UpdateAvailableRolls(ddSelectPartNumber.Text,nextRollNumber,RollId)
nextRollNumber + = 1
UpdateRollNo(nextRollNumber)
sequence = 0
'pbUploadFile.Increment(1)
Next i
SaveFile ()
结束使用


解决方案

最好考虑如何使用数据,以及如何确定如何做某事以及使用哪些工具来做。没有一个人|快!有效的方法来做大多数事情。



说,有一些坏的做事方法。使用 DataGridView 作为数据容器似乎不好(我不能在代码中看到任何与DGV相关的内容)。 A)没有数据自动的方式进入它 - 你必须编写代码来做到这一点,2)没有自动的方式让数据去别的地方 - 你必须编写代码循环通过它和将数据退回。那么所有的数据都有可能被存储为字符串的问题。

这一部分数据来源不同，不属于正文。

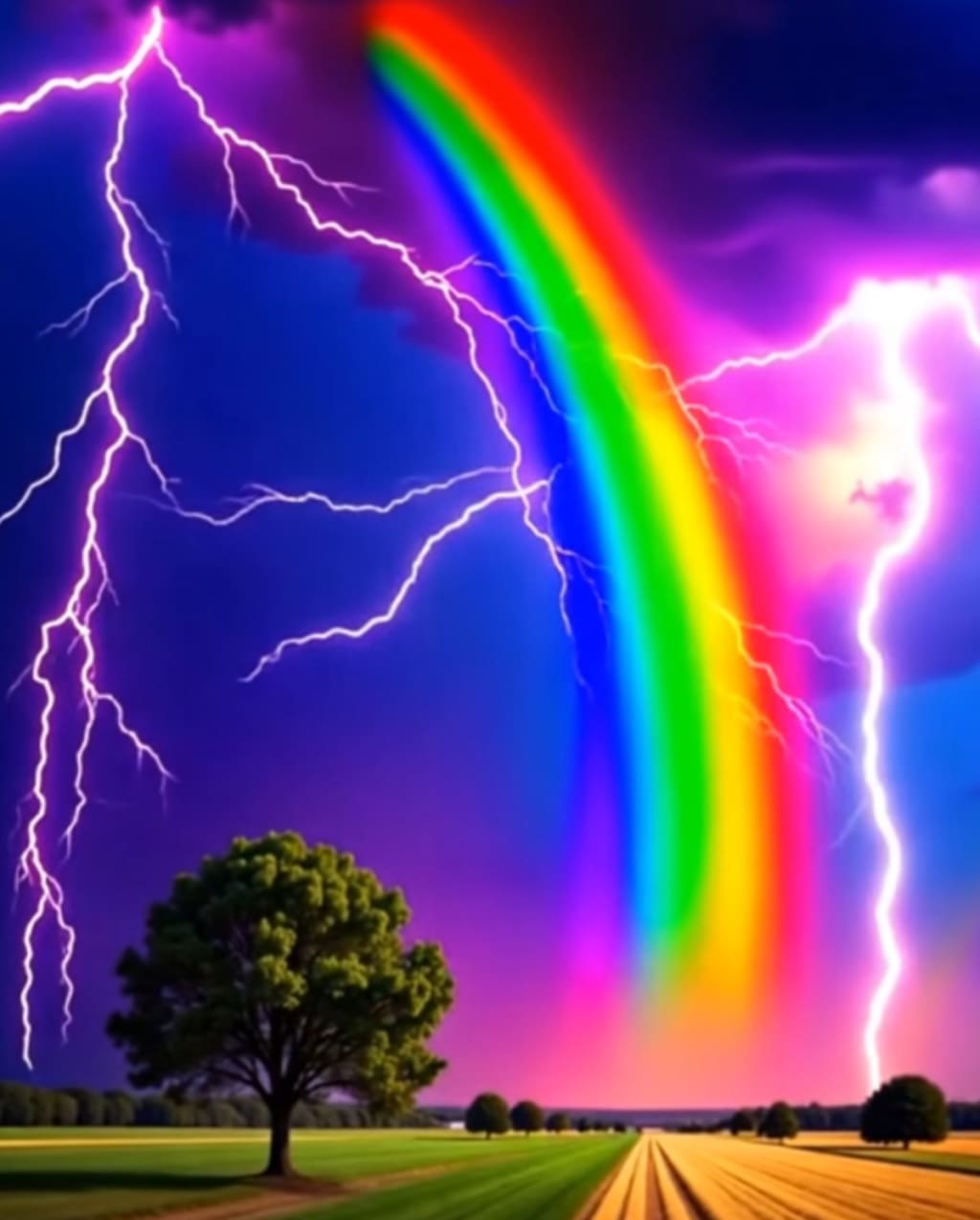 You know that this really can occur. I have seen a rainbow on one side of the sky and the black sky of a storm approaching on the other side. Good job.
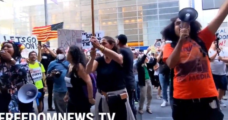 (Cristina Laila) Anti-vaccine mandate protesters on Saturday gathered outside of the New York Times building in New York City chanting, “Defund the media!”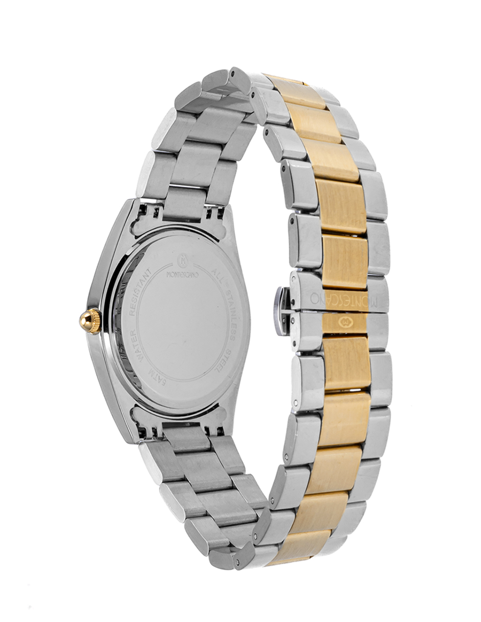 El nuevo reloj Montescano TTDB3525 para caballero en dos tonos con mecanismo de cuarzo, acero inoxidable, mecanismo Miyota y cristal mineral.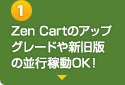 Zen Cartの旧バージョン(1.2系や1.1系)を導入しているサイトでも、スムーズなアップグレード作業や旧バージョンとの並行稼動などを行うことができます。

还有更多的事情,而不仅仅是批量的项目。以下将从CSV导入行,处理它们并将其写回数据库(我使用MySql,但概念是一样的)。






首先, TextFieldParser 是一个非常方便的工具,但它有一个主要的缺点,它只返回字符串。如果CSV中有价格,日期,布尔等等,那么该类型就会丢失。在许多情况下,CSVHelper将是一个更好的选择。



在这种情况下,由于数据是用于数据库的,所以我将使用OleDB将CSV读入 DataTable ,批处理,然后发送到DB。



使用OleDB导入数据



Schema.INI



OleDb包含一个文本文件驱动程序,可用于解析CSV。它可以根据前几行的上下文猜测数据类型,但也可以定义它们。在CSV所在的文件夹/目录中,创建一个名为 Schema.INI 的新文本文件。定义CSV和列如下:


[Capitals.Csv]

ColNameHeader = True

格式= CSVDelimited

TextDelimiter =

DecimalSymbol =。

CurrencySymbol = $

Col1 =国家文本宽度254 < br>
Col2 =Capital City文本宽度254

Col3 =人口单个

Col4 =等级整数

Col5 = 国庆节日期





  • 您可以在单个文件中有多个csv定义, code> [...]

  • [...] 将是CSV的名称

  • 如果CSV有一个标题行,可以使用列名称

  • 如果列也用引号括起来(Like this,in,csv),使用 TextDelimiter =

  • 每个 Col#= 条目定义数据类型并可以覆盖名称,这样可以将CSV中的Foo列映射到名为Ba

  • 可以指定其他选项,如文件中使用的十进制和货币符号和代码页。



连接字符串



要使用的连接字符串将是:

  ACEImportStr =Provider = Microsoft.ACE.OLEDB.12.0; Data Source ='{0}';扩展属性='TEXT'

数据源将是CSV和Schema .INI存在,TEXT元素告诉它使用Text驱动程序。使用文件夹名称填写空白:

  ACEImportConnStr = String.Format(ACEImportConnStr,C:\Temp)

OLEDB.12有时可以很好,如果您有问题,请使用 Microsoft。 Jet.OLEDB.4.0 代替。



现在,要加载数据,只需从CSV文件名中选择(无文件夹) :

  Dim sSQL =SELECT * FROM RandomOle.CSV
...
Dim daSrc =新的OleDbDataAdapter(sSQL,OleCSVConnstr)
rowsLoaded = daSrc.Fill(dtSample)

code> DataAdapter 将读取定义的Schema,并在短短几秒钟内将CSV加载到数据表中。还有更多的工作要处理其他任务,但这是这个概念。

  Dim sSQL =SELECT * FROM YOUR_CSVFILE_NAME CSV
Dim sw As New Stopwatch

Dim rowsLoaded As Int32
Dim rowsUpdated As Int32

sw.Start()
ACEImportConnStr = String.Format(ACEImportConnStr,C:\Temp)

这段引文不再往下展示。